# Finding a place for RV service



## amcdeac (Aug 30, 2009)

Just thought I would throw my experience out there because it has made a real impression on me. I broke the cables on my pop up. Rookie mistake.:smack-head: Won't happen again. 

I called the local Coleman dealer and got a ballpark quote for somewhere around $550.00, as I recall. Plus, they couldn't get me in for 3 weeks. Called a friend for suggestions and he gave me the name of a mom and pop (and son) RV repair place. Labor was only $144.00 and parts might have been $40 or less. Service was everything you could ask for.
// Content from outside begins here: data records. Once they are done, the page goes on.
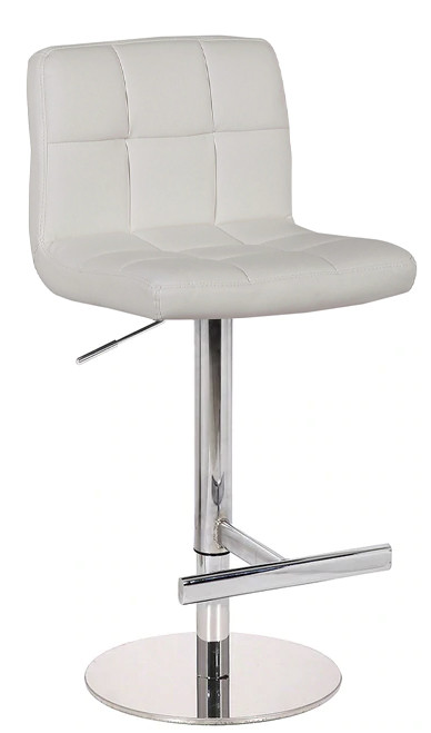 Featuring genuine white leather upholstery for a truly premium finish. The Deluxe Allegro barstool with its soft, high-density padded seat and t-bar footrest provides an exceptionally comfortable seating position whilst showing off its sleek and fashionable design. The premium, chequered, hand finished white leather has a gorgeous feel, supported by the stainless steel chrome effect stand and weighted base for style and stability. Featuring a smooth superior gas lift system with 360° swivel capacity and a weighted base with a rubber floor protector to provide traction on polished surfaces, the Allegro is a perfect addition to any well designed kitchen, bar or exhibition stand. The Deluxe Allegro barstool comes with our 2 year warranty covering any manufacturing defects or faults, a statement of our commitment to you to provide crafted quality barstools. This real leather barstool is a must for any premium contemporary kitchen or well designed work space.
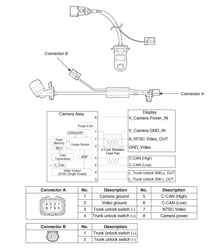 Чтобы отобразить заднюю часть автомобиля, чтобы помочь водителю, он получает сигнал заднего изображения с камеры заднего вида и отображает его на головке AVN блок монитора или левое внутреннее зеркало заднего вида. |
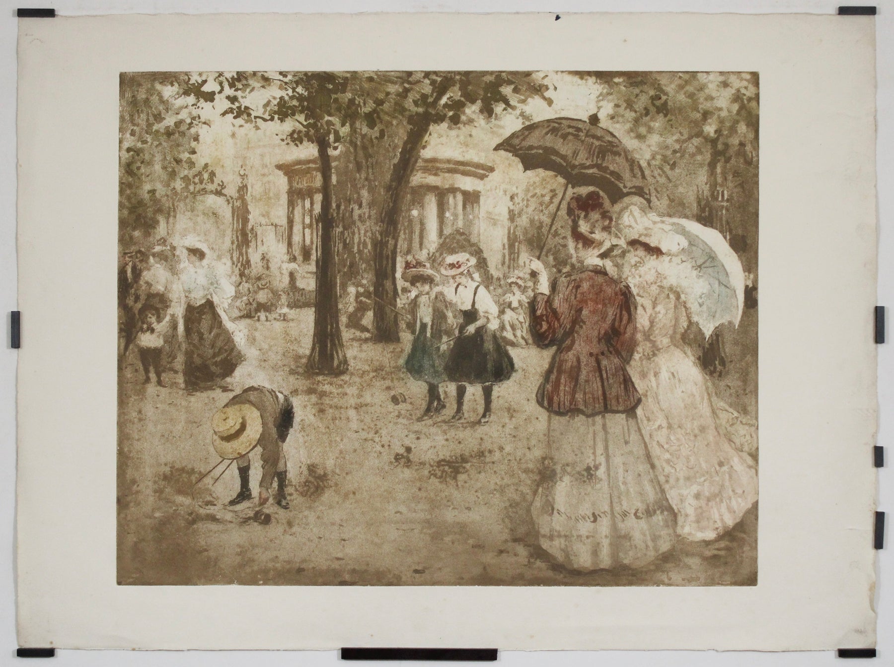 Baignée dans la douce lumière d'un après-midi parisien, cette charmante aquatinte originale de Manuel Robbe capture un moment idyllique de loisirs bourgeois dans le parc Monceau, l'un des espaces verts les plus élégants de la capitale.
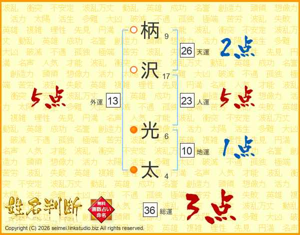 柄沢光太さんの天運は26画の2点!
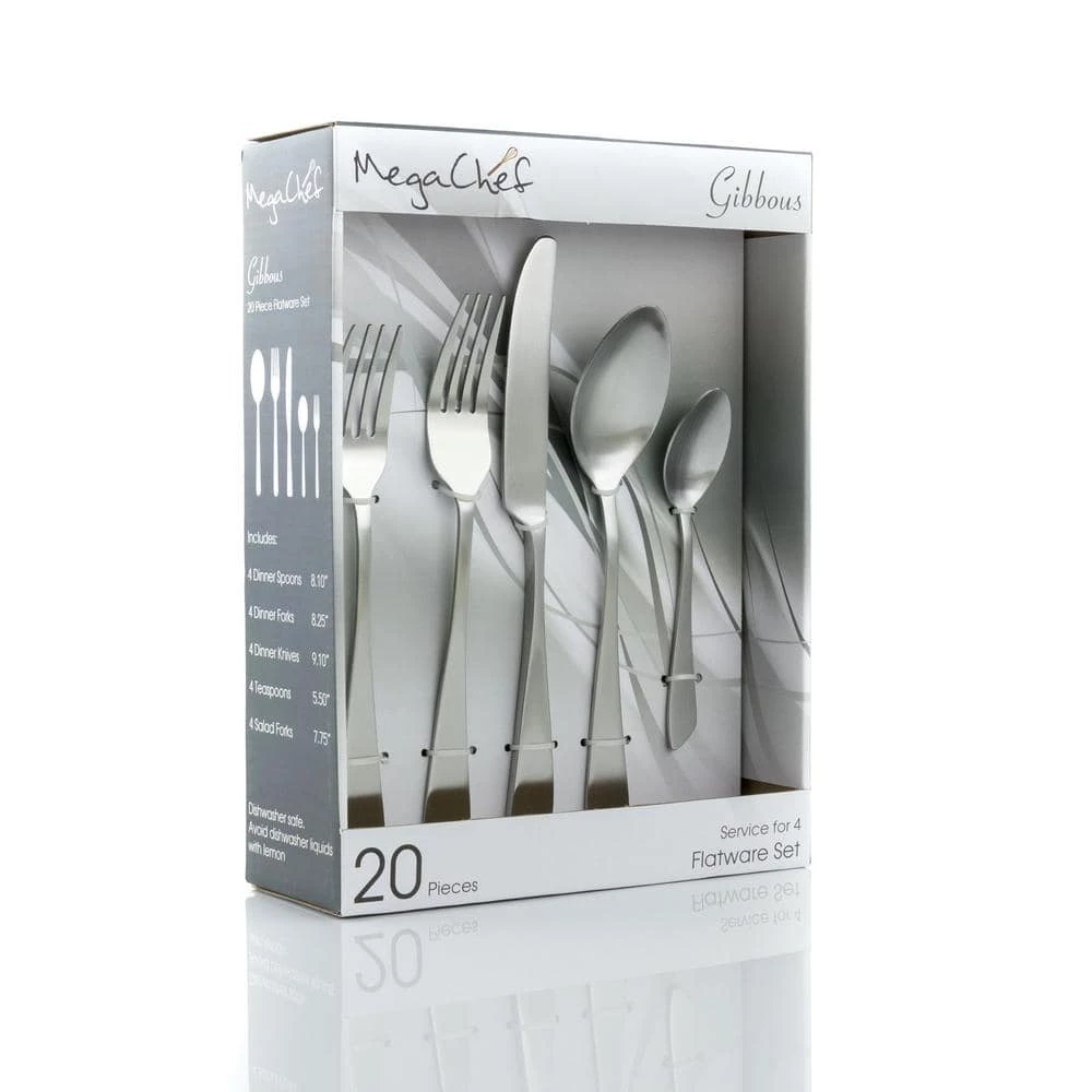 The MegaChef Gibbous 20-piece Flatware Set is made of high quality food grade stainless steel, the quality material in high standard resists corrosion and rust, ensures long-lasting use. The Gibbous Silverware Set is smoothly finished with no sharp edges, safe and comfortable for both adults and children. Each piece in this Utensil Set is versatile and perfectly weighted and balanced to feel comfortable in your patrons hands. With its proper sizes this set can fit perfectly with your other dinnerware or tableware sets.

Plus, they spent some time with me and answered some questions. Got me squared away with some accessories I needed, as well. Seems there are some really good options out there and some really bad options out there. 
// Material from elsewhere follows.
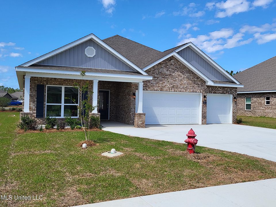 Back on the Market.... The ''Destin'' split floorplan with its spacious open living layout is perfect for entertaining. Features include single tray ceilings with crown molding, kitchen with island bar, designer soft close cabinets, quartz countertops, subway tile backsplash, farmhouse sink, formal dining, separate tile shower and garden tub in the primary suite. This energy efficient brick home includes a Smart Home package and warranties. Within minutes from all the Coast has to offer- beaches, casinos, shopping, military bases and more. Home is complete and move-in ready!
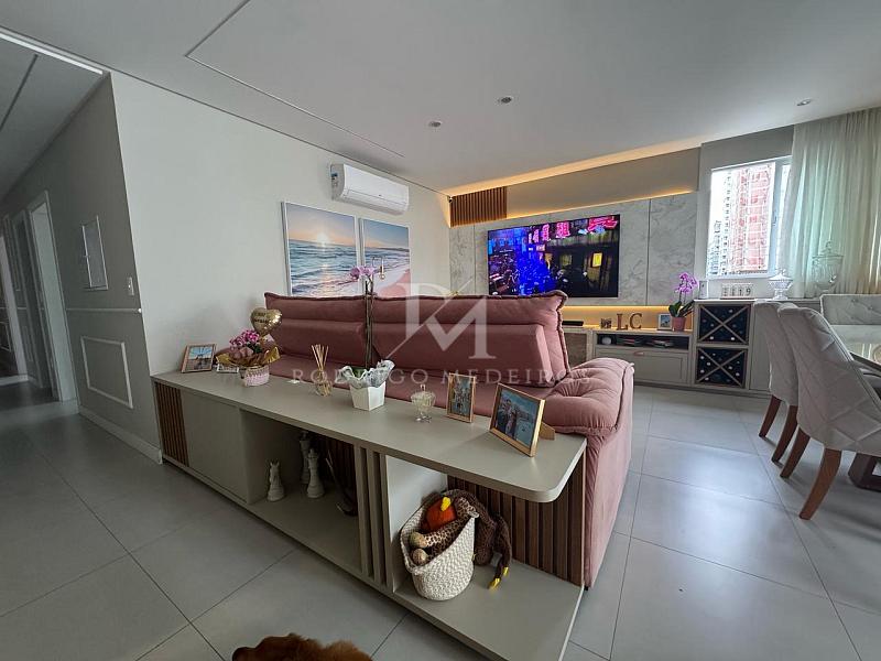 Com 136m² de área privativa e 198,15m² de área total, o apartamento 501 está finamente mobiliado, com ambientes planejados para oferecer praticidade no dia a dia e elegância na recepção de convidados. A sala integra-se à cozinha sob medida, criando um espaço fluido e acolhedor, enquanto a sacada ampla com churrasqueira amplia a área social e favorece momentos de convivência.

Have you been happy or unhappy with your service options? Do you go to the dealer or an independent repair shop?


----------



## jeffmue (Apr 22, 2010)

That's awesome news! It's so rare to get such great service! Will you post your information here RV Service Review It's a service of The Worlds Largest Camping Resource - myRVparks.com that allows us all to write our reviews of great and awful places so that we can share it with the community. It's sorted by state and anyone in your area can and will benefit from your experience as well as the mom & pop & son place. Thanks


----------



## amcdeac (Aug 30, 2009)

Thanks for the link; I was not aware of that site. I posted a review there, as well.


----------